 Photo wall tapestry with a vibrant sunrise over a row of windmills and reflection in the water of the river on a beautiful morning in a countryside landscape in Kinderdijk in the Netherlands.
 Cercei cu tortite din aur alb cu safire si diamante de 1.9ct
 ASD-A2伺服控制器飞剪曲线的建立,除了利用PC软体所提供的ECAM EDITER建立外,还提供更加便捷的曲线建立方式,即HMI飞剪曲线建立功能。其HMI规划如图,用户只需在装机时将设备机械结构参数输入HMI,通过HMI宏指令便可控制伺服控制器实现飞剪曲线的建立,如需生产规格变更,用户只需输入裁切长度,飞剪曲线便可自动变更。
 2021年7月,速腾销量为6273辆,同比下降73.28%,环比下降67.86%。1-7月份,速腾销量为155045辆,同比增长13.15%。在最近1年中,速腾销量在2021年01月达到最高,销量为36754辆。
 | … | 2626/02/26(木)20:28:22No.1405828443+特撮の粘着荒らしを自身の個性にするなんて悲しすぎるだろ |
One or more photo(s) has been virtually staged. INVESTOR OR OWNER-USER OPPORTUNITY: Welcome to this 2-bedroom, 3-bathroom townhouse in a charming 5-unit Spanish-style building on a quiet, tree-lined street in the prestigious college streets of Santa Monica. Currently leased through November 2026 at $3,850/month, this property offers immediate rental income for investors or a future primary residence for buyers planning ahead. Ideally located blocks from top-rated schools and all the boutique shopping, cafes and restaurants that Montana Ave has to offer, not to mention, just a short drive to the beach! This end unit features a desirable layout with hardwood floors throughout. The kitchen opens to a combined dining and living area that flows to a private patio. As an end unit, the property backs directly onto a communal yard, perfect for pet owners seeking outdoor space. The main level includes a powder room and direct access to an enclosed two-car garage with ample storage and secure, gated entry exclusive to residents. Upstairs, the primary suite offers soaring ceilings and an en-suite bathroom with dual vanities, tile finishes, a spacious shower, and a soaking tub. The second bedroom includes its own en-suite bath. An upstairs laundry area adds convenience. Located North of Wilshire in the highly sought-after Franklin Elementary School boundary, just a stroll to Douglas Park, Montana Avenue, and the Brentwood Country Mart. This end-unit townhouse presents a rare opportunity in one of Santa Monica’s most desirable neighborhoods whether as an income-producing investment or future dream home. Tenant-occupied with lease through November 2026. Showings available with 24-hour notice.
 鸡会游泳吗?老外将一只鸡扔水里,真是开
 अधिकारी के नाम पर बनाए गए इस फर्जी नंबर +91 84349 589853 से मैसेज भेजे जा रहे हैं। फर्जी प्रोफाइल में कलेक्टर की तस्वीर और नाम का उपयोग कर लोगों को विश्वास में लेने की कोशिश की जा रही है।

+-------+

*WHAT TO PRODUCE*.
Please transcribe the material above in full, keeping every character intact.

*ANSWER BELOW*.
 Photo wall tapestry with a vibrant sunrise over a row of windmills and reflection in the water of the river on a beautiful morning in a countryside landscape in Kinderdijk in the Netherlands.
 Cercei cu tortite din aur alb cu safire si diamante de 1.9ct
 ASD-A2伺服控制器飞剪曲线的建立,除了利用PC软体所提供的ECAM EDITER建立外,还提供更加便捷的曲线建立方式,即HMI飞剪曲线建立功能。其HMI规划如图,用户只需在装机时将设备机械结构参数输入HMI,通过HMI宏指令便可控制伺服控制器实现飞剪曲线的建立,如需生产规格变更,用户只需输入裁切长度,飞剪曲线便可自动变更。
 2021年7月,速腾销量为6273辆,同比下降73.28%,环比下降67.86%。1-7月份,速腾销量为155045辆,同比增长13.15%。在最近1年中,速腾销量在2021年01月达到最高,销量为36754辆。
 | … | 2626/02/26(木)20:28:22No.1405828443+特撮の粘着荒らしを自身の個性にするなんて悲しすぎるだろ |
One or more photo(s) has been virtually staged. INVESTOR OR OWNER-USER OPPORTUNITY: Welcome to this 2-bedroom, 3-bathroom townhouse in a charming 5-unit Spanish-style building on a quiet, tree-lined street in the prestigious college streets of Santa Monica. Currently leased through November 2026 at $3,850/month, this property offers immediate rental income for investors or a future primary residence for buyers planning ahead. Ideally located blocks from top-rated schools and all the boutique shopping, cafes and restaurants that Montana Ave has to offer, not to mention, just a short drive to the beach! This end unit features a desirable layout with hardwood floors throughout. The kitchen opens to a combined dining and living area that flows to a private patio. As an end unit, the property backs directly onto a communal yard, perfect for pet owners seeking outdoor space. The main level includes a powder room and direct access to an enclosed two-car garage with ample storage and secure, gated entry exclusive to residents. Upstairs, the primary suite offers soaring ceilings and an en-suite bathroom with dual vanities, tile finishes, a spacious shower, and a soaking tub. The second bedroom includes its own en-suite bath. An upstairs laundry area adds convenience. Located North of Wilshire in the highly sought-after Franklin Elementary School boundary, just a stroll to Douglas Park, Montana Avenue, and the Brentwood Country Mart. This end-unit townhouse presents a rare opportunity in one of Santa Monica’s most desirable neighborhoods whether as an income-producing investment or future dream home. Tenant-occupied with lease through November 2026. Showings available with 24-hour notice.
 鸡会游泳吗?老外将一只鸡扔水里,真是开
 अधिकारी के नाम पर बनाए गए इस फर्जी नंबर +91 84349 589853 से मैसेज भेजे जा रहे हैं। फर्जी प्रोफाइल में कलेक्टर की तस्वीर और नाम का उपयोग कर लोगों को विश्वास में लेने की कोशिश की जा रही है।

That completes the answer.